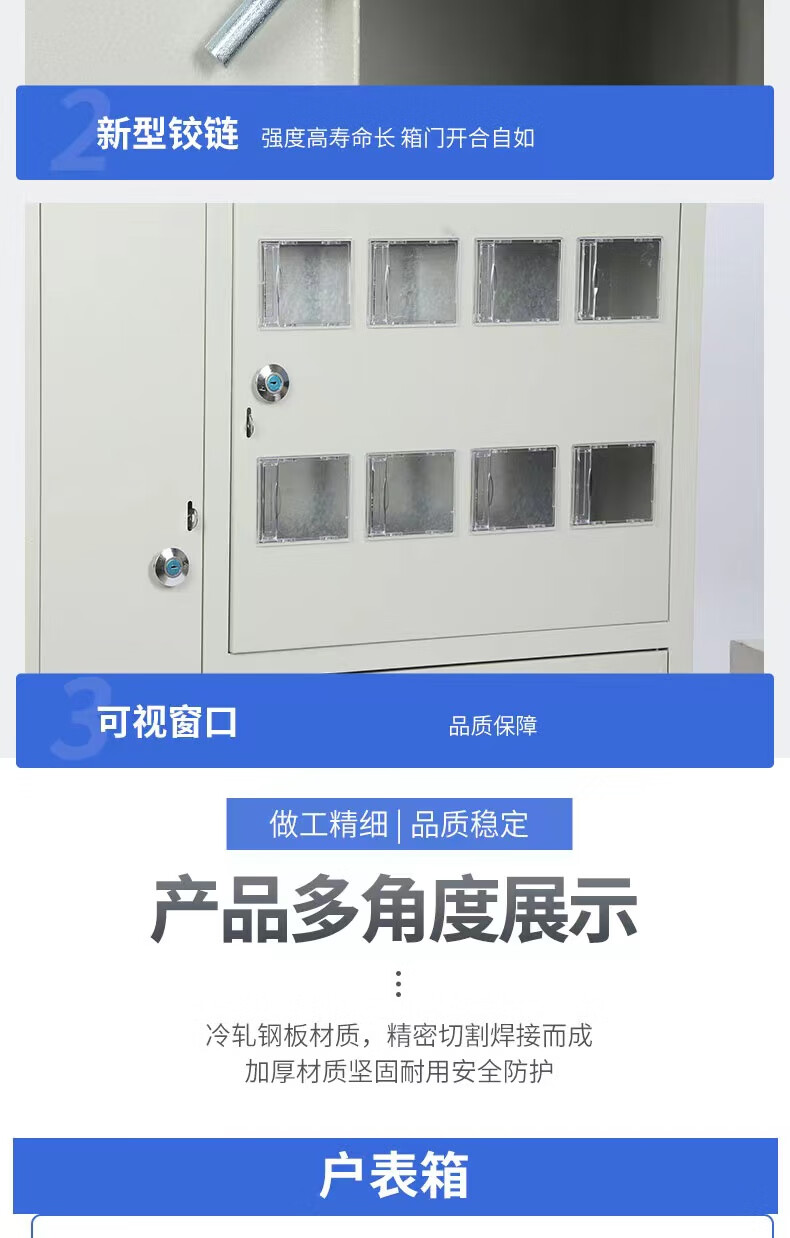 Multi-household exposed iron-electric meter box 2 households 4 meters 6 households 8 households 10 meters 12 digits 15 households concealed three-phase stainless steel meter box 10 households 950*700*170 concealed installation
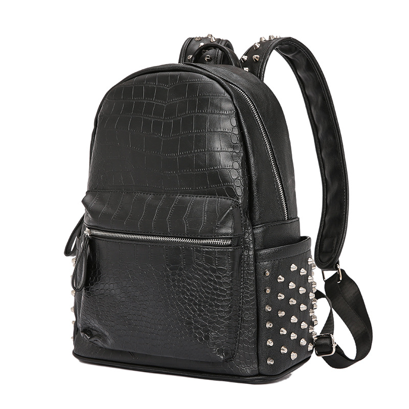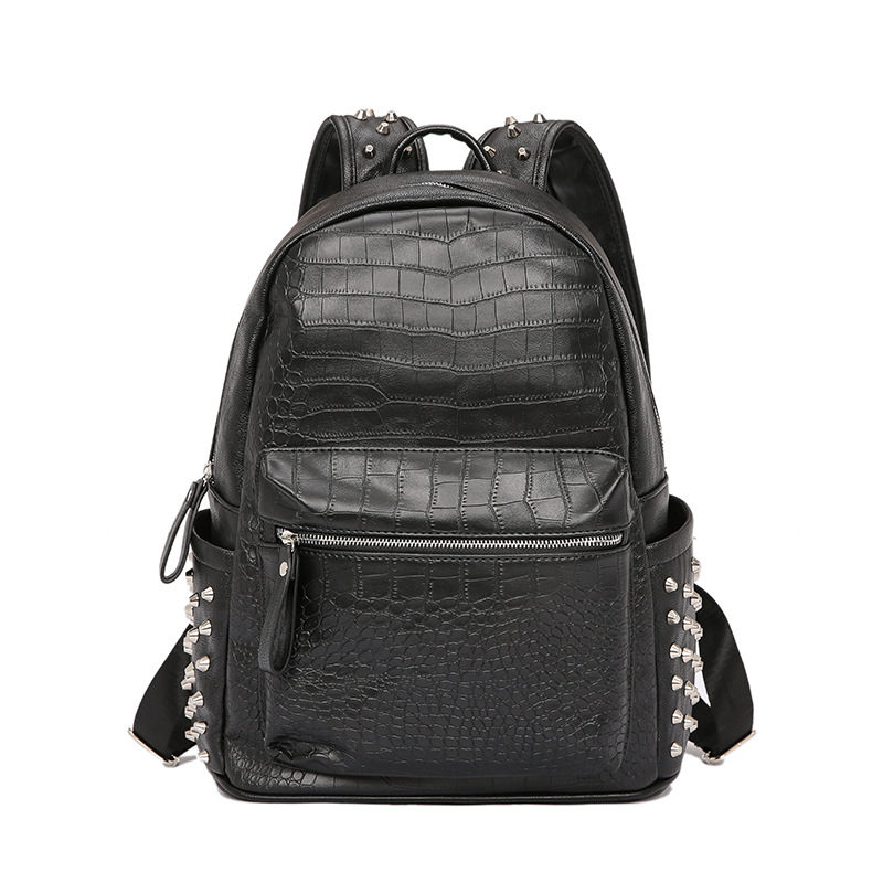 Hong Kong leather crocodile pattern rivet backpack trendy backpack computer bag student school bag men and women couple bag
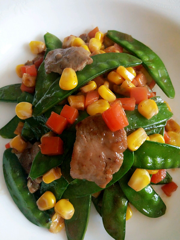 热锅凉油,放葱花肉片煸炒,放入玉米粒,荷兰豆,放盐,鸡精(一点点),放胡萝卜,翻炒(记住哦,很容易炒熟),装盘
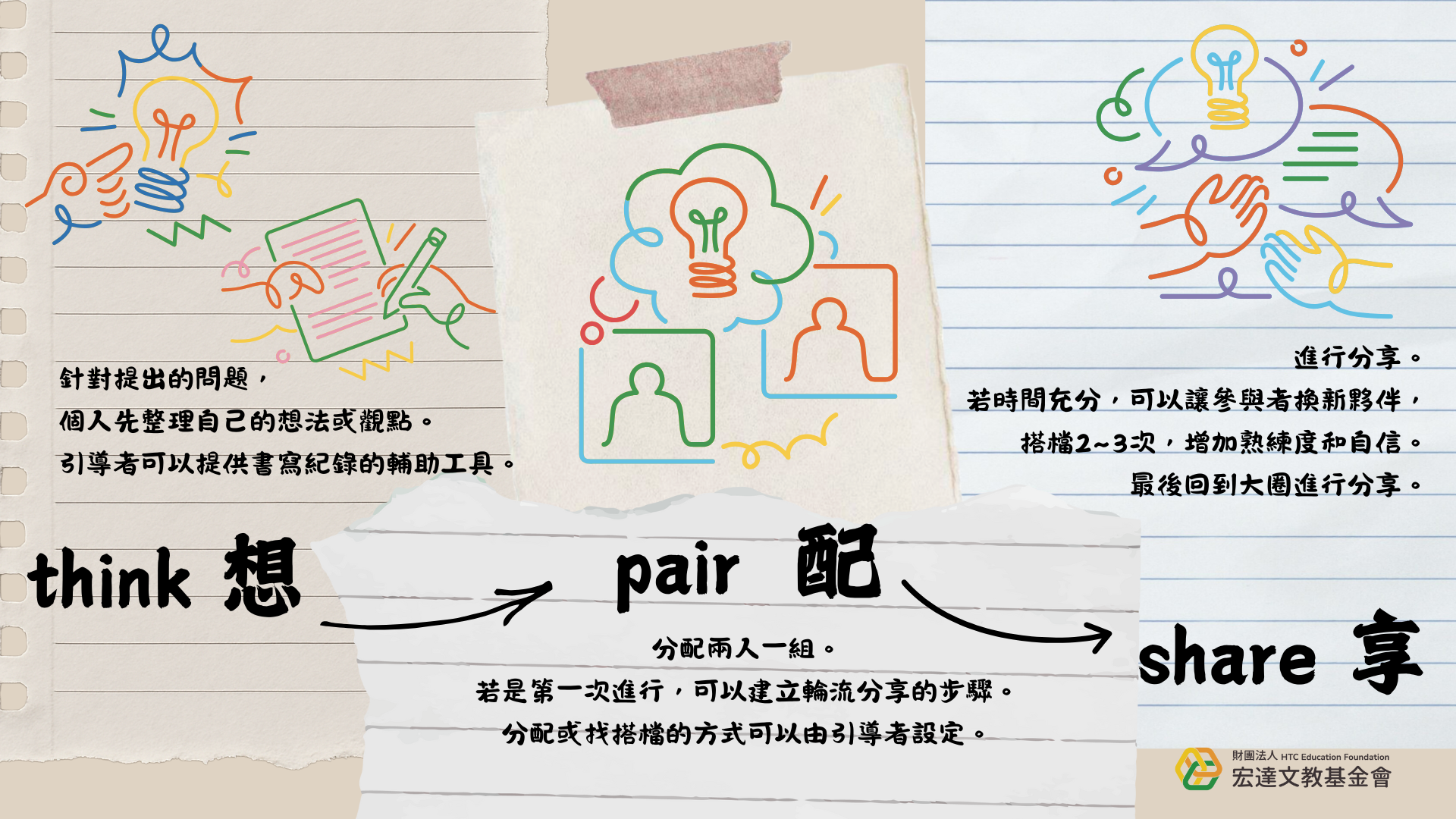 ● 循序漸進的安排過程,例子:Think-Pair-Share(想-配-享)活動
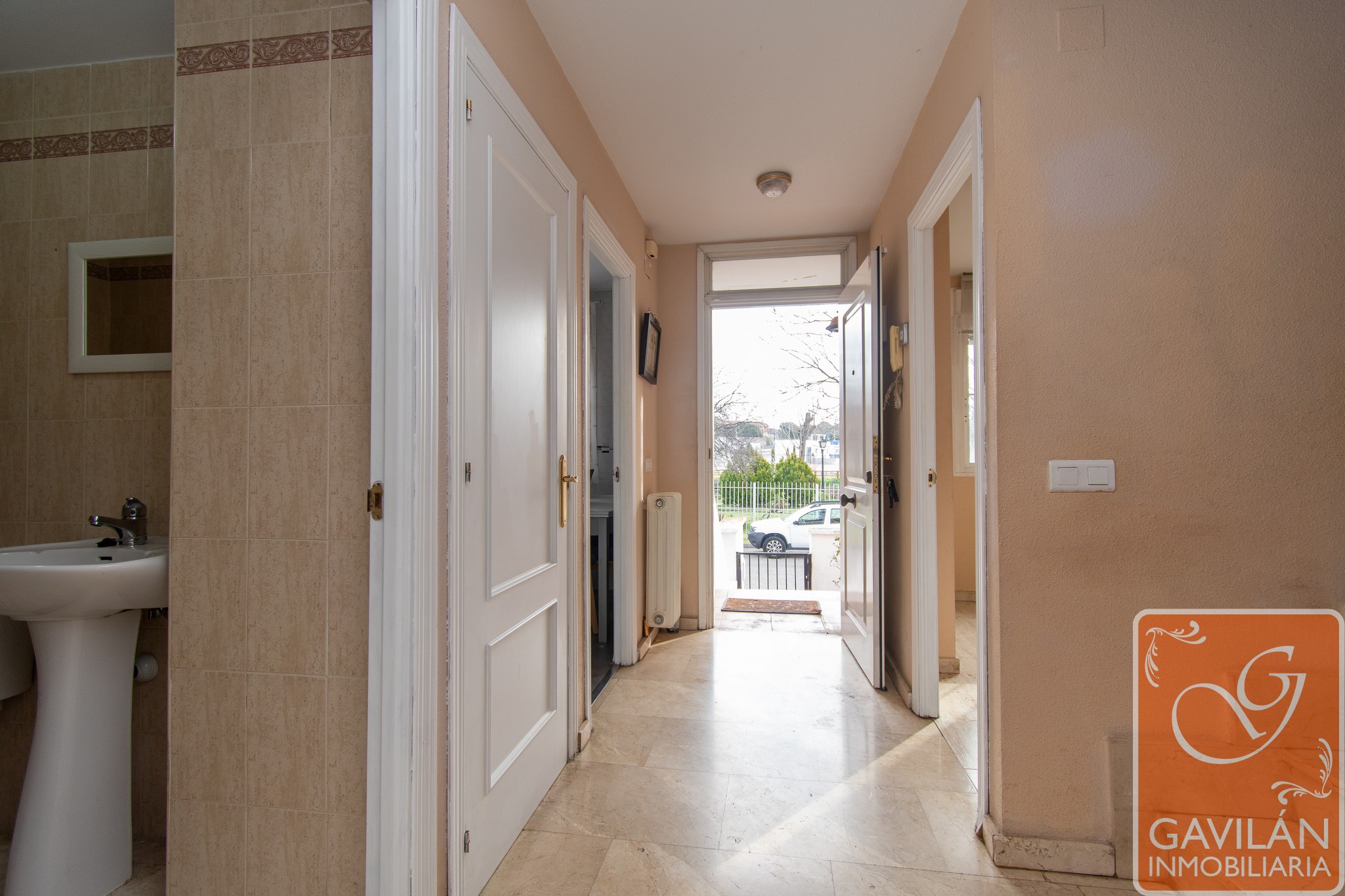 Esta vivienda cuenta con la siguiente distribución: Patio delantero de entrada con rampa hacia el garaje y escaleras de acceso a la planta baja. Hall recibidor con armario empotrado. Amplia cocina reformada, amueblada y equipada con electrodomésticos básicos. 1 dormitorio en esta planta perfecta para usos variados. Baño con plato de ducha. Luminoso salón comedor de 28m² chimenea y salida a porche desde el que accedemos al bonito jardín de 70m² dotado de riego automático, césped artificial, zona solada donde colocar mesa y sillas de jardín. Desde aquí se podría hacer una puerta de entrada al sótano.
◆ ◆ ◆ ◆
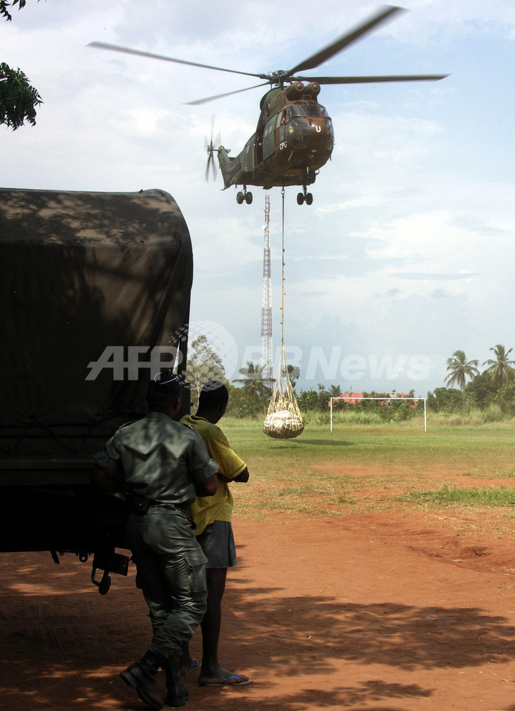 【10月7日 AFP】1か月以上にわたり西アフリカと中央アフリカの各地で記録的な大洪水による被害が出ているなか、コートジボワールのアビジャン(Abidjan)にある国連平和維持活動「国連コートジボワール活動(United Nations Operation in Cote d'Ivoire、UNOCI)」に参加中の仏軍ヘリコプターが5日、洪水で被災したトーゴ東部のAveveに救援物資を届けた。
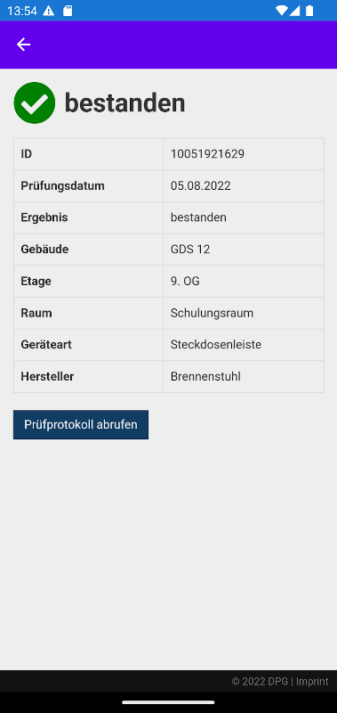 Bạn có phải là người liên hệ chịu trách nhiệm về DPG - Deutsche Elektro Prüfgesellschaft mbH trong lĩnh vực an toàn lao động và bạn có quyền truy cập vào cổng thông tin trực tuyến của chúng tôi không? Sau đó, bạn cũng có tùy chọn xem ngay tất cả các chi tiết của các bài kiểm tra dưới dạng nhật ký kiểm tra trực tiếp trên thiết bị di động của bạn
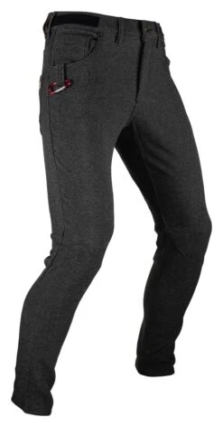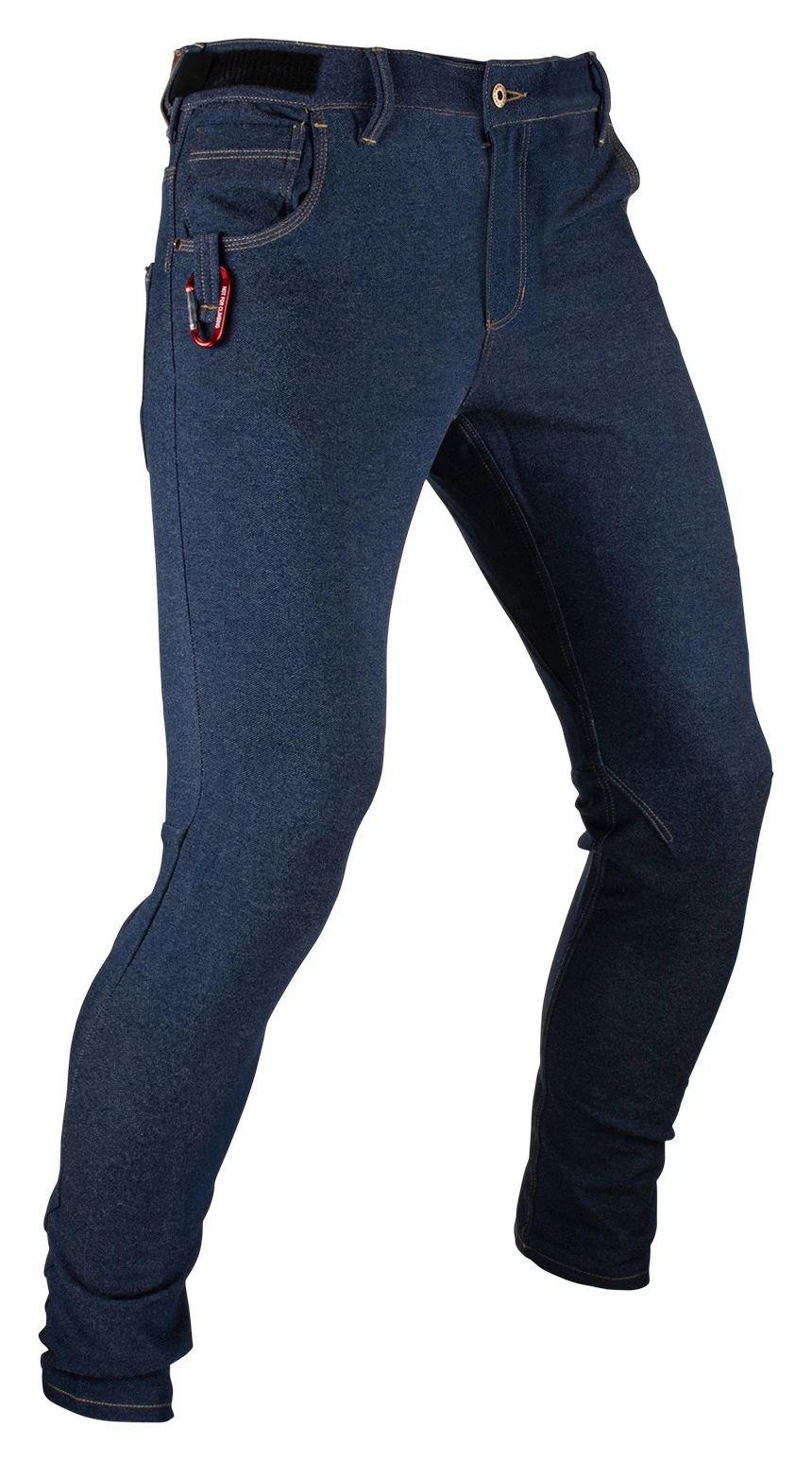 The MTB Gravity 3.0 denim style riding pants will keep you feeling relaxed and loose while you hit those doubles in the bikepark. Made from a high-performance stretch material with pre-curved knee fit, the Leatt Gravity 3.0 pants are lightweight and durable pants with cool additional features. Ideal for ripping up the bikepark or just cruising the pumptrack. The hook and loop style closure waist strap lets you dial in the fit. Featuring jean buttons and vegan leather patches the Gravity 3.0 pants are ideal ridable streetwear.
◆ ◆ ◆ ◆
*Description of the task:*
In the data above, take the line with "Hong Kong leather", the line with "Esta vivienda cuenta", and every line between, and set them down exactly without pictures.

*Expected answer:*
 Hong Kong leather crocodile pattern rivet backpack trendy backpack computer bag student school bag men and women couple bag
 热锅凉油,放葱花肉片煸炒,放入玉米粒,荷兰豆,放盐,鸡精(一点点),放胡萝卜,翻炒(记住哦,很容易炒熟),装盘
 ● 循序漸進的安排過程,例子:Think-Pair-Share(想-配-享)活動
 Esta vivienda cuenta con la siguiente distribución: Patio delantero de entrada con rampa hacia el garaje y escaleras de acceso a la planta baja. Hall recibidor con armario empotrado. Amplia cocina reformada, amueblada y equipada con electrodomésticos básicos. 1 dormitorio en esta planta perfecta para usos variados. Baño con plato de ducha. Luminoso salón comedor de 28m² chimenea y salida a porche desde el que accedemos al bonito jardín de 70m² dotado de riego automático, césped artificial, zona solada donde colocar mesa y sillas de jardín. Desde aquí se podría hacer una puerta de entrada al sótano.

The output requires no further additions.